Spelling can also be a persisting problem for children who appear to have resolved their speech difficulties .In a recent study we compared the performance of a group of 7 year old children with speech difficulties with a matched control group of their peers (who did not have speech difficulties )on National (UK) tests of reading, spelling and maths. We then compared performance on the same tests of children with persisting speech difficulties with those children who had resolved their speech difficulties. More children with speech difficulties scored below average performance on the tests than did their IQ matched controls, particularly in spelling and reading comprehension.
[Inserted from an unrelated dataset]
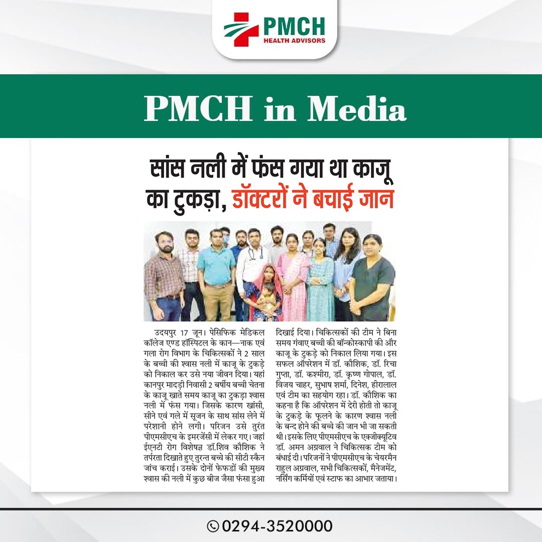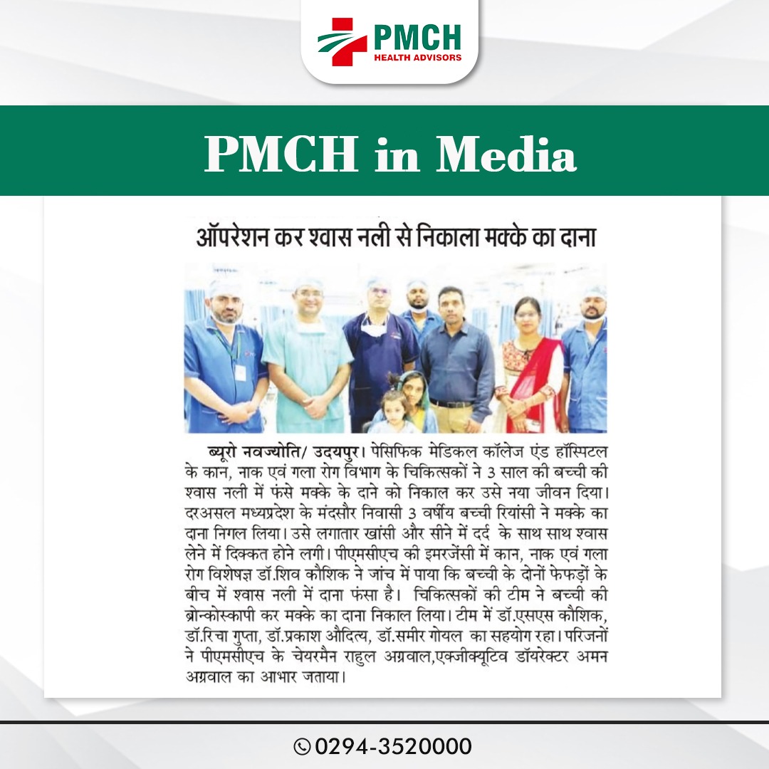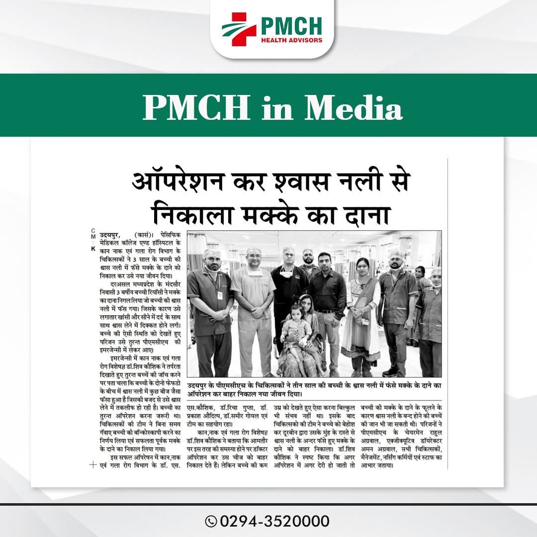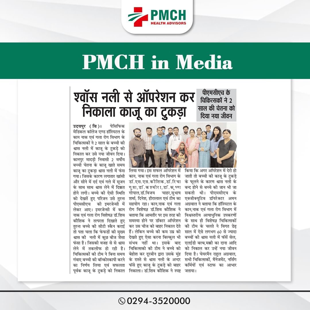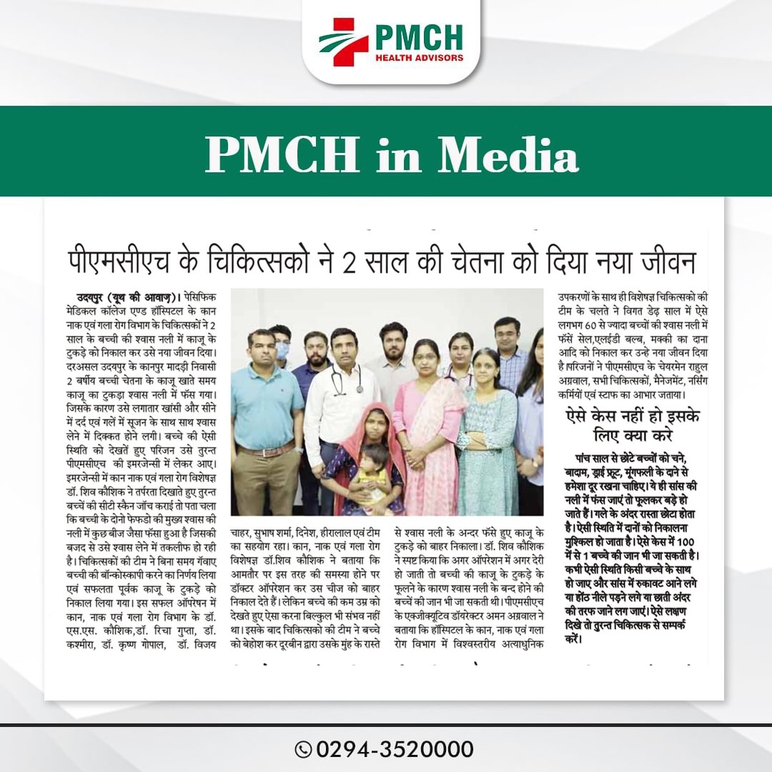 पीएमसीएच उदयपुर में 3 साल की बच्ची की जान बचाई गई, जिसने गलती से सुपारी निगल ली थी। हमारी मेडिकल टीम ने बिना सर्जरी के दूरबीन द्वारा सुपारी को सफलतापूर्वक निकाल कर बच्ची को नई जिंदगी दी। बिना सर्जरी के सुरक्षित इलाज उन्नत तकनीक और विशेषज्ञ डॉक्टर पीएमसीएच उदयपुर में हम हर मरीज को सबसे बेहतर और उन्नत चिकित्सा सेवाएं प्रदान करते हैं।

The children who had resolved their speech difficulties performed significantly better than the children who had persisting speech difficulties on all tests and did as well as the controls on everything except spelling.
In summary, children’s speech difficulties arise from problems at one or more points in their underlying speech processing system. This system is the foundation for their written language as well as their spoken language skills. If this foundation is unstable, additional support will be needed to enable a child to use the strengths s/he has to develop phonological awareness skill and letter knowledge. This is tough but not unsurmountable. Once at school, children with delayed spoken and written language can benefit from intensive and explicit letter-sound linkage work coupled where necessary with targeted speech and language work. Add supportive home and school environments and the active involvement of the child in his or her own intervention programme to this and progress will follow. When Danny was asked at 14 years of age what advice he would give to others, he stated:
“If you have any problems to see a therapist, to always try and write letters. Enjoy it. Do not take it as thing you never get out of it ‘cause if you try you will.”
[Professor Joy Stackhouse is a registered speech and language therapist, chartered psychologist and teacher of children with specific literacy difficulties. She currently has the Chair in Human Communication Sciences in the Department of Human Communication Sciences at the University of Sheffield, UK. Prior to this she was Professor of Speech and Literacy at University College London. Joy’s research and practice focuses on children with persisting speech difficulties and their associated literacy and psychosocial development. She has co-authored books and papers in this area particularly with Professor Maggie Snowling, Professor Bill Wells and is currently writing a book on persisting speech difficulties with Dr Michelle Pascoe.]